Characterising the Cell Uptake, Intracellular Traffic and Transcytosis of Nanoparticles for Drug Delivery

We are inviting applications for three individual 3 year-PhD studentships in the combined fields of molecular cell biology, nanomedicines and drug delivery to commence from October 1 2013. The students will be physically based within the research environments of pharmaceutical sciences and biosciences at Cardiff University, part of the University’s College of Biomedical and Life Sciences. The projects are jointly supervised by Dr Arwyn Jones and Mark Gumbleton (Pharmacy) and Dr Pete Watson (Biosciences)

Across the host Schools there you will join a multidisciplinary group with a high reputation in cell biology, advanced microscopy techniques, biological barriers, nano-biotechnology and drug delivery research (1-4). Your personal effectiveness will be developed in an interdisciplinary and translational environment in a partnership between the host schools, the College of Biomedical and Life Sciences and the University Graduate College. You will have access to a wide range of expertise and training, support technologies and resources.
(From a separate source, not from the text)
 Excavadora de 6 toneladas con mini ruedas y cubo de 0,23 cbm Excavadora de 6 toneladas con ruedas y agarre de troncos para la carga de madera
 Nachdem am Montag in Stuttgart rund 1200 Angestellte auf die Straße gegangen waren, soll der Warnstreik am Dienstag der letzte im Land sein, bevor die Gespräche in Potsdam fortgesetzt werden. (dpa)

Background to the projects
Our current inability to deliver biopharmaceuticals such as peptides, proteins and genes into cellular targets is a major impediment to obtaining effective therapies against a range of diseases. These PhD studentships will be integrated into the objectives of COMPACT, a €30 million European academic and industrial consortium whose aim is to identify and understand transport pathways across major biological barriers that can be utilised for delivery of nanomedicines (http://www.compact-research.org/).
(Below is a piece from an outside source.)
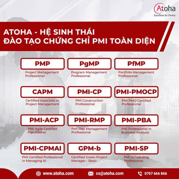 Với hệ sinh thái chương trình đào tạo PMI toàn diện, Atoha không chỉ là nơi cung cấp kiến thức, mà còn là đối tác phát triển năng lực quản lý dự án đáng tin cậy dành cho cá nhân và tổ chức.

The successful students will acquire a variety of specialist skills utilising a wide range of state-of-the-art techniques including molecular biology, nano-biotechnology, chemical biology, advanced microscopy techniques and culture of epithelial and endothelial cells as models for biological barriers. It will be necessary for the students to interact closely with academic and industrial collaborators across COMPACT. Through their supervisors and international COMPACT collaborators they will be able to initiate publications in peer review journals, submit abstracts to meetings and attend national and international conferences.


Project Descriptions

Project 1 Developing Reporter assays to measure endosomal escape of therapeutic macromolecules: We aim to develop cell based reporter assays for assessing the capacity of drug delivery vectors such as cell penetrating peptides to translocate across endolysosomal membranes. For this the student will gain experience in cell culture, peptide biochemistry, cloning, transfection of cells, confocal microscopy and flow cytometry.
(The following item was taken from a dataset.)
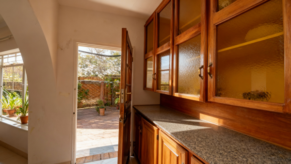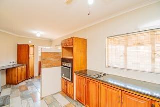 This charming 3-bedroom, 2-bathroom residential property, situated in a peaceful cul-de-sac in Die Hoewes, offers a comfortable family living experience. The durable brick exterior, complemented by a paved driveway and secure gated entrance, provides excellent kerb appeal. A unique thatch-roofed structure, possibly a lapa or carport, adds character and outdoor utility, while established plants enhance the frontage.
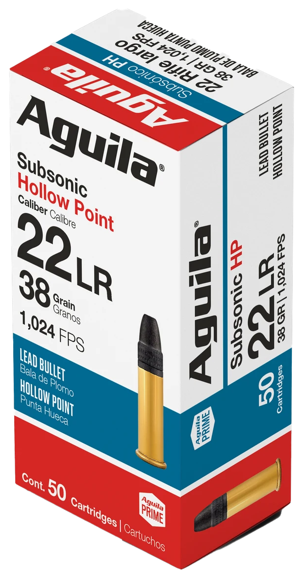 Aguila Subsonic .22 LR ammunition features a 38-grain lead hollow point bullet loaded to 1024 fps for reduced noise and recoil. The brass casing makes this round suitable for small game hunting and target shooting with reliable expansion and accuracy.

Project 2 Analysing endosomal pathways as routes for cellular delivery of nanomedicines: We aim to further our capacity to study the involvement of specific endocytic pathways as gateways for the uptake of nanomedicines into cells and across cellular barriers. For this the student will gain experience in cell culture, qualitative and quantitative analysis of endocytosis (confocal microscopy, flow cytometry), siRNA targeting of endocytic proteins and pathways to characterise of the uptake routes, and endocytic pathways utilized by nanomedicines.

Project 3 Delivery of biopharmaceuticals across the blood brain barrier.
We aim to investigate the capacity of nanomaterials to actively cross the blood brain barrier (BBB) with the objective that this could be translated to delivering biopharmaceuticals into the brain. The student will design, manufacture and characterise polymer based nanoparticles and protein formulations for targeting the BBB and in developing assays demonstrating BBB transcytosis. Experience will be gained in using polarized cell cultures as models for the BBB, in polymer chemistry, labeling of macromolecules and their analysis during transcytosis.